_Dataset excerpts_.
________________________________________
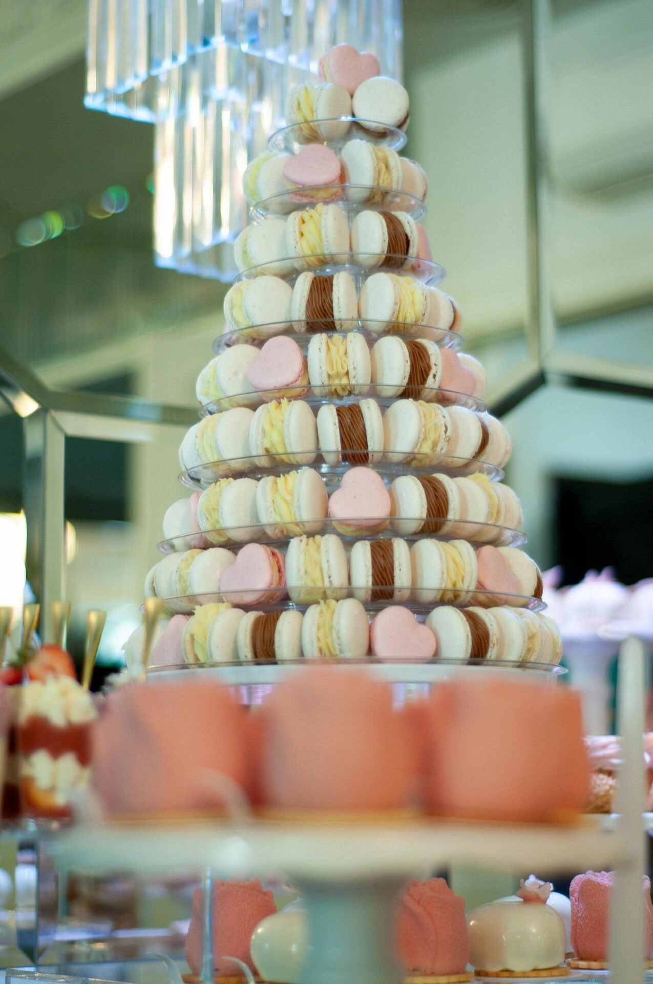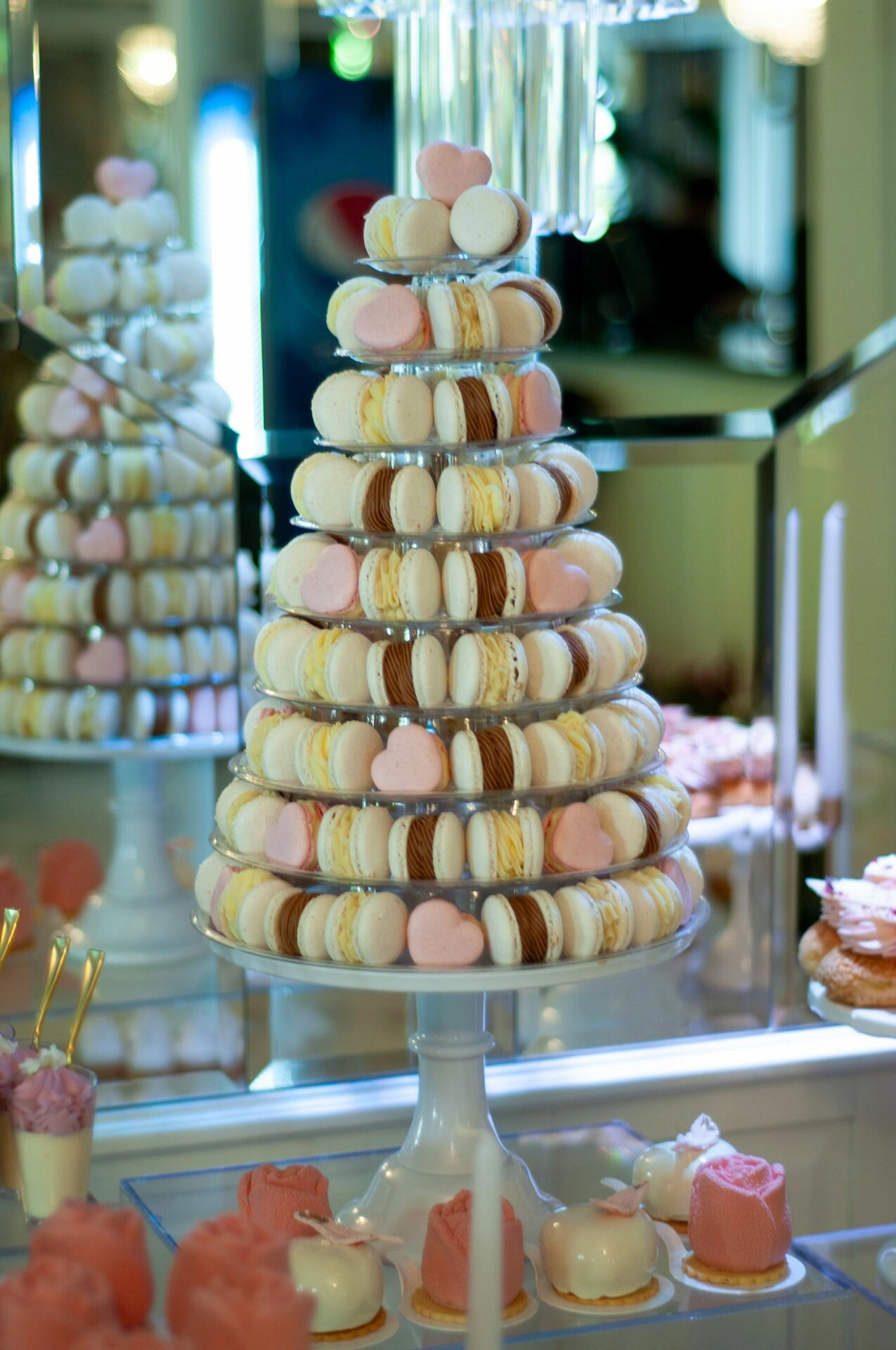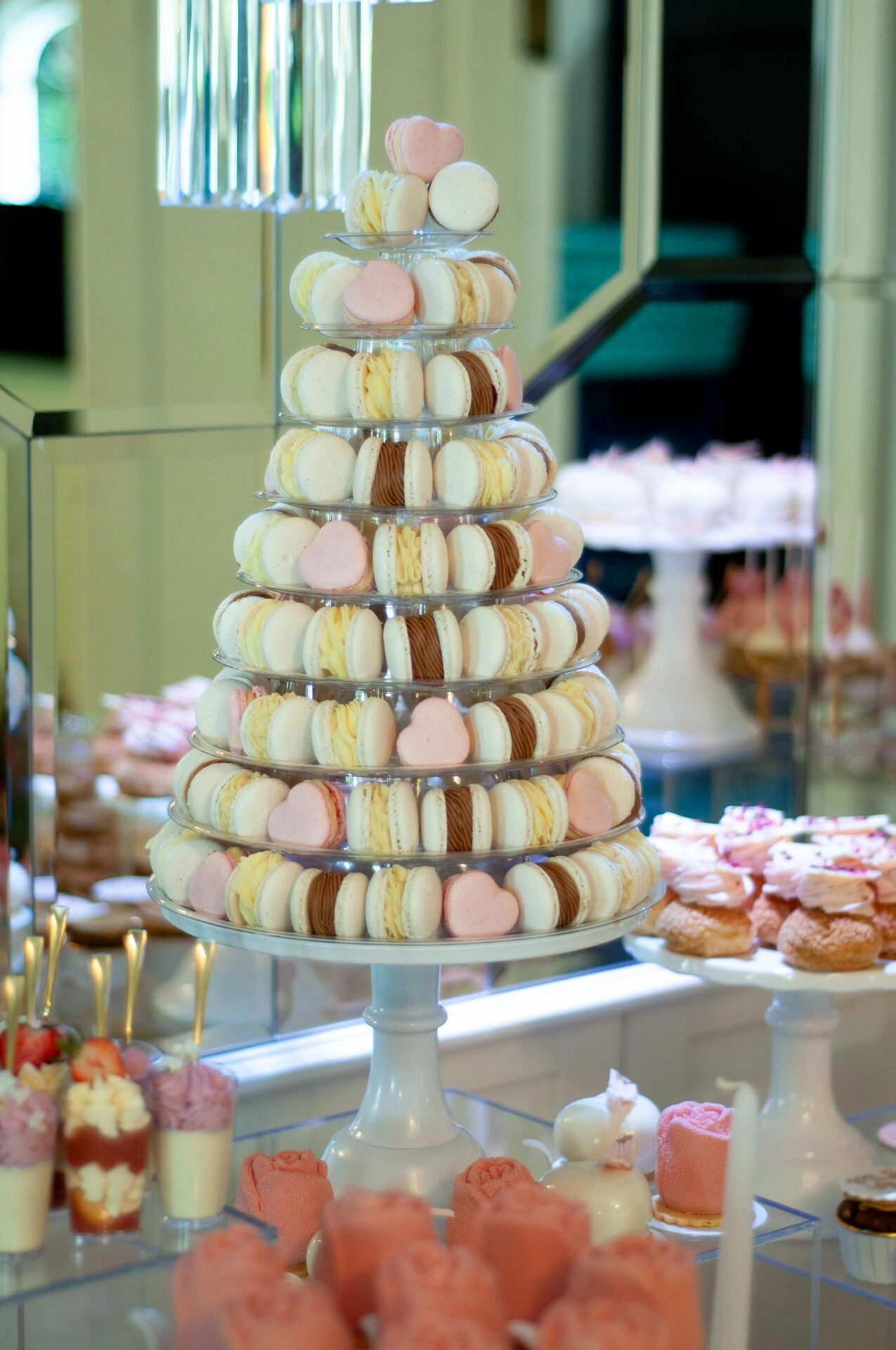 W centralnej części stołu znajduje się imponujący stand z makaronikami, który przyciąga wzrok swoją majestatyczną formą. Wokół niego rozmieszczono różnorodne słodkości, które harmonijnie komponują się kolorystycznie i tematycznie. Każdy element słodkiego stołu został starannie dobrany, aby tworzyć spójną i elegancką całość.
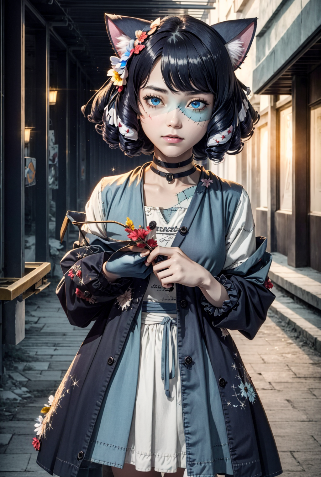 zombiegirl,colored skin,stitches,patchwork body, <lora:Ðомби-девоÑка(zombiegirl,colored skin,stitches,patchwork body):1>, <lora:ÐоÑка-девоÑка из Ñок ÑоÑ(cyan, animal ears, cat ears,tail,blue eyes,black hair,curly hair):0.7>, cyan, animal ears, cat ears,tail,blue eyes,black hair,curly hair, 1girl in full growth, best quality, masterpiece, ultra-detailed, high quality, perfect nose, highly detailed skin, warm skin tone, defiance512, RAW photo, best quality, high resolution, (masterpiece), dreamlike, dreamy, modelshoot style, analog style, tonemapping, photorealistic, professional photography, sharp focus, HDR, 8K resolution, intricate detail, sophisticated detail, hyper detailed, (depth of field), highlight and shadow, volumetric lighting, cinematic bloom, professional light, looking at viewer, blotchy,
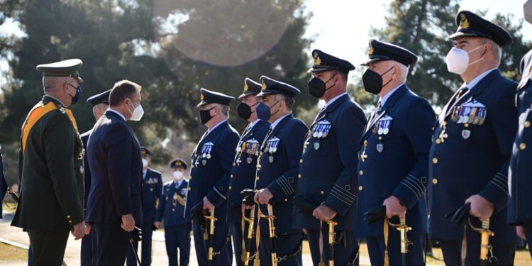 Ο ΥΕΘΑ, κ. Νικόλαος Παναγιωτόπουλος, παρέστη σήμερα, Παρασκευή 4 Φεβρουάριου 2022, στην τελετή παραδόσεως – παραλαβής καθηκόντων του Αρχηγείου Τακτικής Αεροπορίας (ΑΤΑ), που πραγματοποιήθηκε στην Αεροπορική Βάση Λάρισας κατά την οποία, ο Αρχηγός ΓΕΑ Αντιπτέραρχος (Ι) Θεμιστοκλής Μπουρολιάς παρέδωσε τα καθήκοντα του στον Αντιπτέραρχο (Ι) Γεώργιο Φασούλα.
________________________________________
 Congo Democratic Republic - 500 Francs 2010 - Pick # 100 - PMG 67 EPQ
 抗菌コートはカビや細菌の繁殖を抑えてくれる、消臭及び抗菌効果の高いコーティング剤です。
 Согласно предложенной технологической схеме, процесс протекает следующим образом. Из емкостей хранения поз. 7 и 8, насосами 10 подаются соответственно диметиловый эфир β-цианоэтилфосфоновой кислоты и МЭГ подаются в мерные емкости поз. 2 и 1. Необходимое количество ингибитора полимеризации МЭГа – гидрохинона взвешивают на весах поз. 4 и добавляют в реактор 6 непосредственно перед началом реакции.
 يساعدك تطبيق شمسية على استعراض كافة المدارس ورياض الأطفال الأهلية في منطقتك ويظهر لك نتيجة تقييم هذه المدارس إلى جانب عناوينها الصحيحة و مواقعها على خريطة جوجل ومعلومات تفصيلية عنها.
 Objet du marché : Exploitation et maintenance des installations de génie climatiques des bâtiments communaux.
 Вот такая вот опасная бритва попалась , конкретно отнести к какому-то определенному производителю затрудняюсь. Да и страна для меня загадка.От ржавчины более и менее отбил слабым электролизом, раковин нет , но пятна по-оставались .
________________________________________
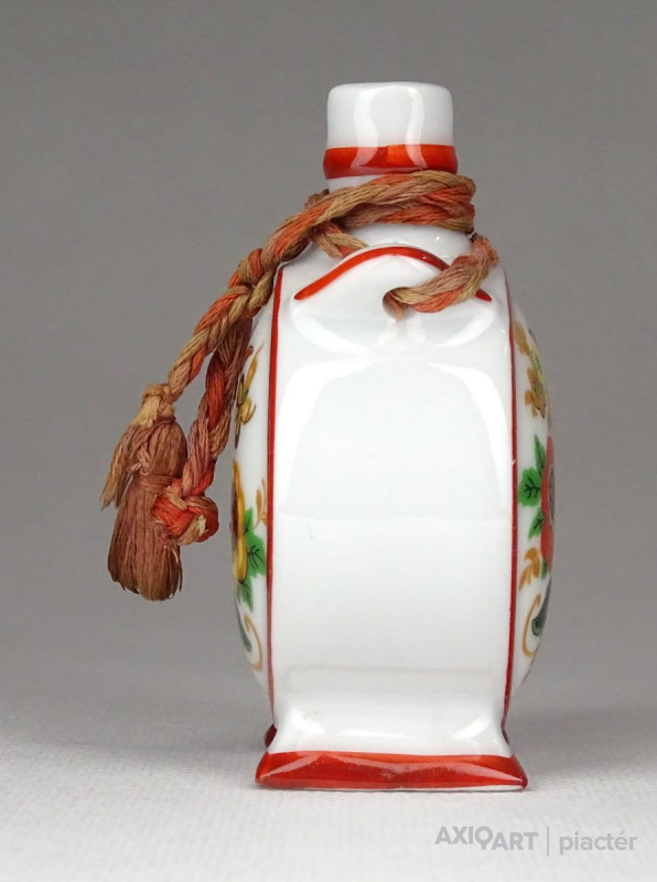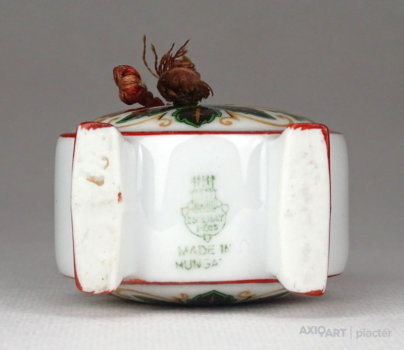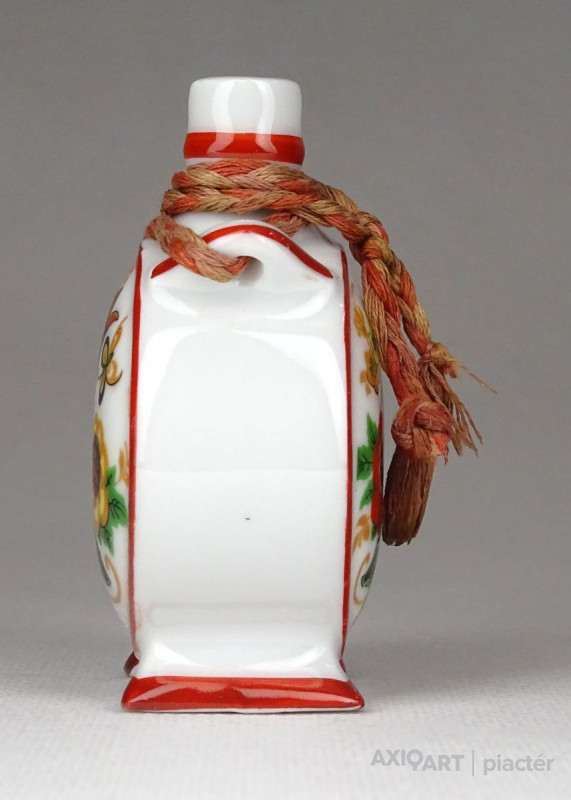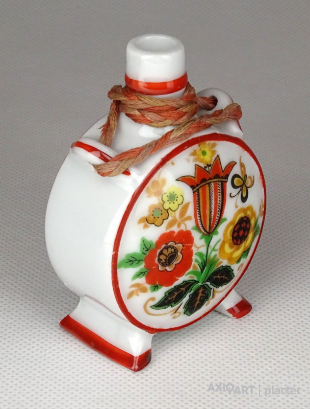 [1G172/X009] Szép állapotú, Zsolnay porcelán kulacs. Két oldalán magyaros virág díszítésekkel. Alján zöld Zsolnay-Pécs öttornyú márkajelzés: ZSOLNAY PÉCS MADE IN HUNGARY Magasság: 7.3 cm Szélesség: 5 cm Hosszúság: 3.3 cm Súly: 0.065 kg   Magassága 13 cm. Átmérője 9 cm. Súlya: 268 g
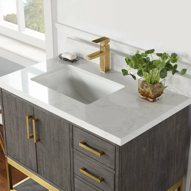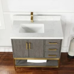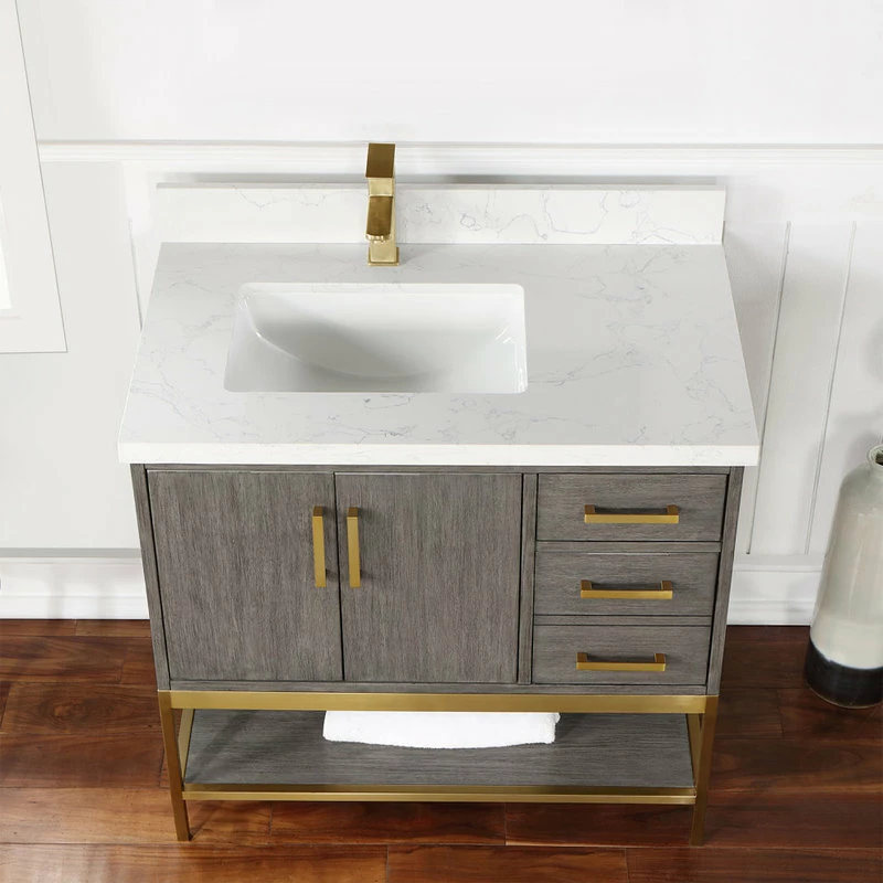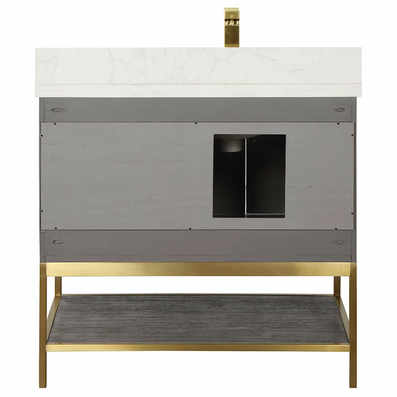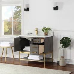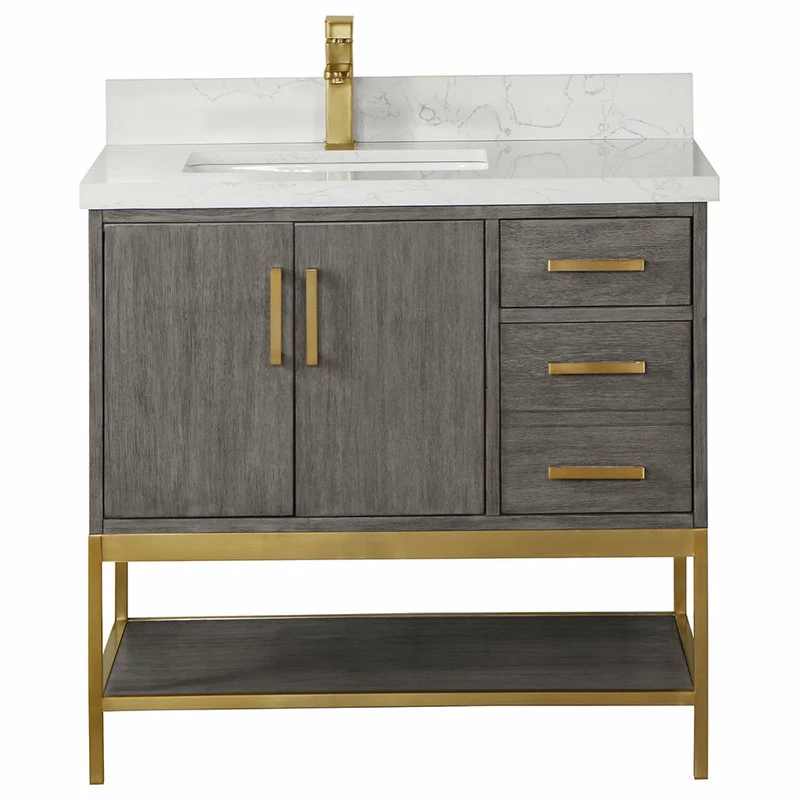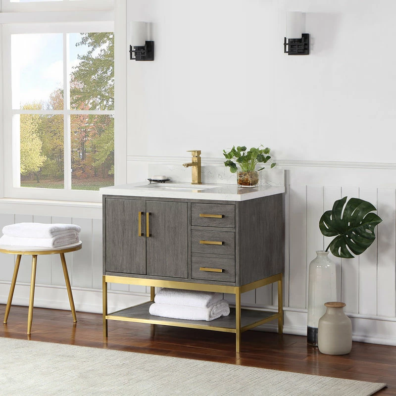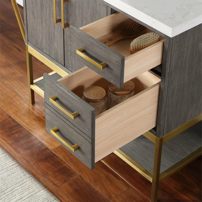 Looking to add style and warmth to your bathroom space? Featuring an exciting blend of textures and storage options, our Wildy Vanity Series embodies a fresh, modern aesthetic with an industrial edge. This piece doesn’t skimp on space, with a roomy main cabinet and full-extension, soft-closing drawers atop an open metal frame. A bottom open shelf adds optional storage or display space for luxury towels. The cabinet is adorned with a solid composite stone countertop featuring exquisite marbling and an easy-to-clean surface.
________________________________________
_Exercise instructions_.
From the material above, copy exactly the lines between the line holding "Согласно предложенной технологической" and the line holding "Вот такая вот", inclusive, and only those.

_Finished task_.
 Согласно предложенной технологической схеме, процесс протекает следующим образом. Из емкостей хранения поз. 7 и 8, насосами 10 подаются соответственно диметиловый эфир β-цианоэтилфосфоновой кислоты и МЭГ подаются в мерные емкости поз. 2 и 1. Необходимое количество ингибитора полимеризации МЭГа – гидрохинона взвешивают на весах поз. 4 и добавляют в реактор 6 непосредственно перед началом реакции.
 يساعدك تطبيق شمسية على استعراض كافة المدارس ورياض الأطفال الأهلية في منطقتك ويظهر لك نتيجة تقييم هذه المدارس إلى جانب عناوينها الصحيحة و مواقعها على خريطة جوجل ومعلومات تفصيلية عنها.
 Objet du marché : Exploitation et maintenance des installations de génie climatiques des bâtiments communaux.
 Вот такая вот опасная бритва попалась , конкретно отнести к какому-то определенному производителю затрудняюсь. Да и страна для меня загадка.От ржавчины более и менее отбил слабым электролизом, раковин нет , но пятна по-оставались .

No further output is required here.